Flag of Australia  , New South Wales,
Wednesday, January 16, 2008

Surely every Australian teenager's dream is to drive along the Pacific Highway, tearing up the tarmac through Surfers paradise, taking in stunning scenery and flirting with bikini-clad meter maids, whilst at the wheel of an Hyundai Accent (Automatic).  Well, OK, not the Hyundai part, but nevertheless, here we were on the threshold of our first great road trip.

After grudgingly accepting Europcar's suggestion that we increase the insurance cover beyond that of the standard no-cover-at-all-unless-you-wrap-the-car-in-cotton wool policy, we were off.  A little confusion around how to escape the roads of Sydney and we were heading West to the Blue Mountains.  The car drifted effortfully along the highway and the radio blared.  Australian radio really can't be criticised harshly enough.  If you discount the stations aimed at 14 year olds with their mix of Hip-Hop, Garage and R&B nonsense, you're left with stations restricted to a playlist of around 14 songs, 7 of which are variously songs by Elvis, Billy Joel and Crowded House.  Surely the world and musical taste has moved on. 
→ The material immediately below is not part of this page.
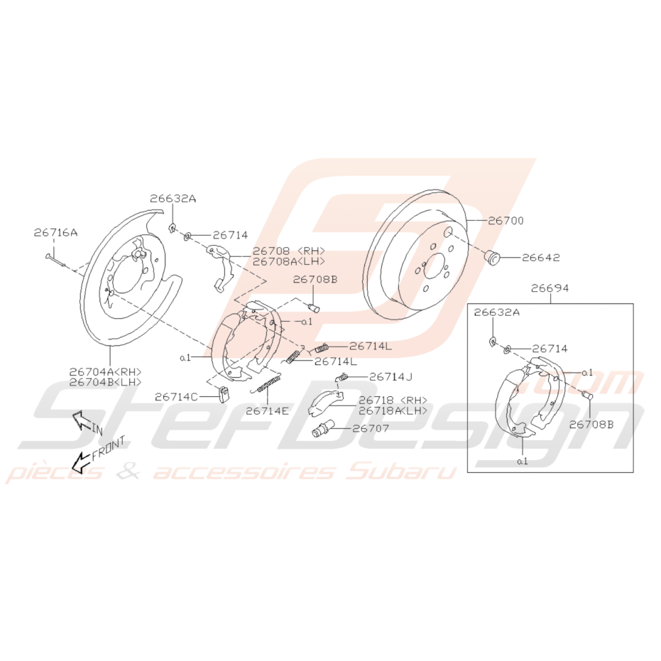 Schéma de l'ensemble des pièces de Frein de Stationnement pour Subaru BRZ de 2013 à 2019.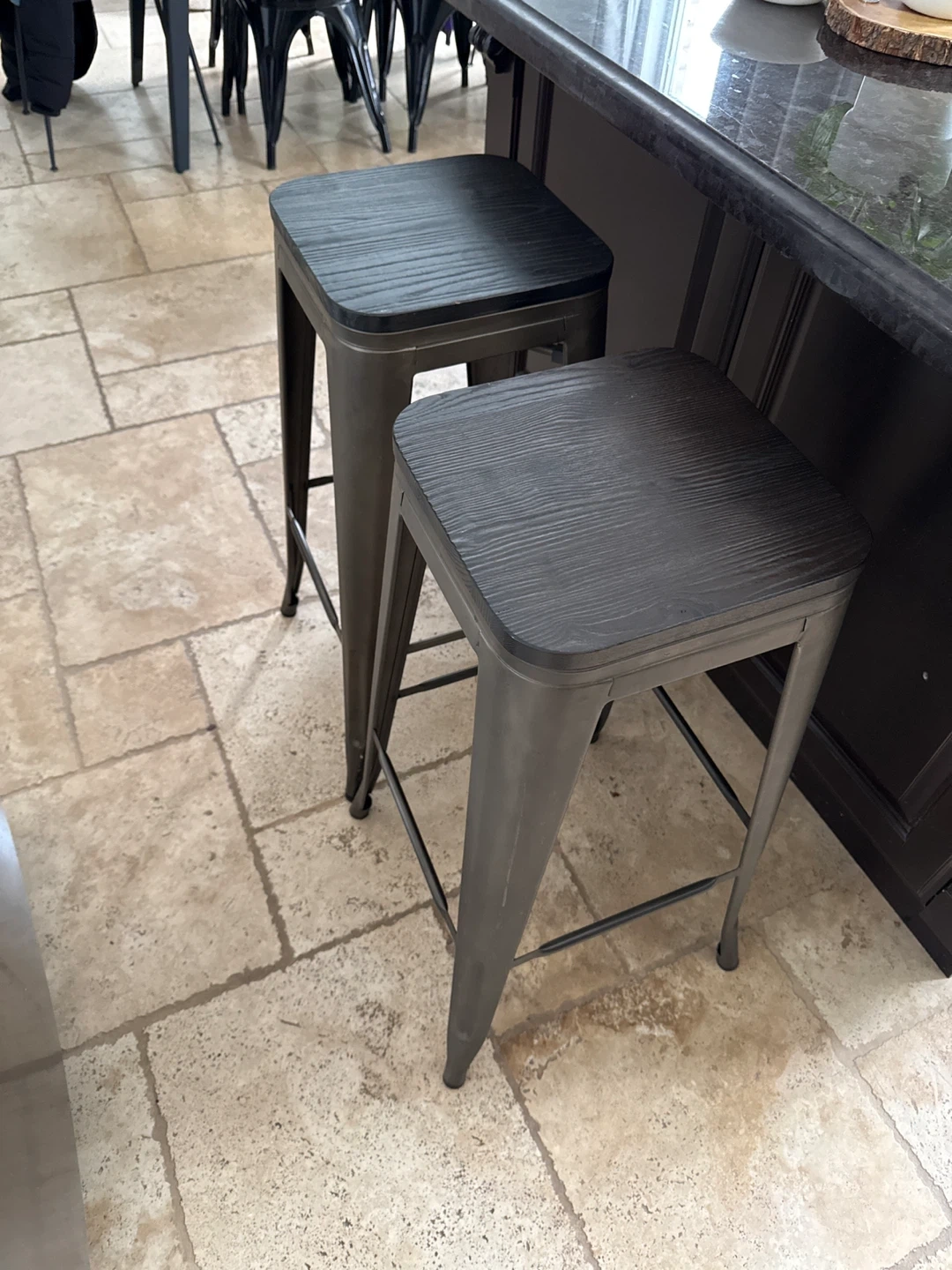 Two metal bar stools with black wood tops. These stools have a durable metal frame and a rustic wood seat. They're great for a kitchen island or home bar setup.

The Blue Mountains, named after the hue of the covering foliage, were enveloped by grey cloud by the time we reached Katoomba.  We checked into the Guesthouse Cecil, a huge rambling old house that certainly had a touch of Lake District B&B about it.  In fact, the whole of Katoomba is a bit Lake District really, with its activity tour operators, twee coffee shops and absolutely dismal weather.  There was a conspicuous lack of pubs, and the only one open was exclusively patronised by men who looked like they'd been thrown out of the benefits office.  It is a really nice little place though (Katoomba, not the pub), and if the postcards for sale in the shops were anything to go by, so were the Blue Mountains.  We hoped to find out for ourselves by waiting for the weather to clear up.  Unfortunately it didn't, but we still walked through the cloud to see the view of the 3 Sisters Rock formation only to be disappointed that we couldn't even see across the road to the Visitor Centre.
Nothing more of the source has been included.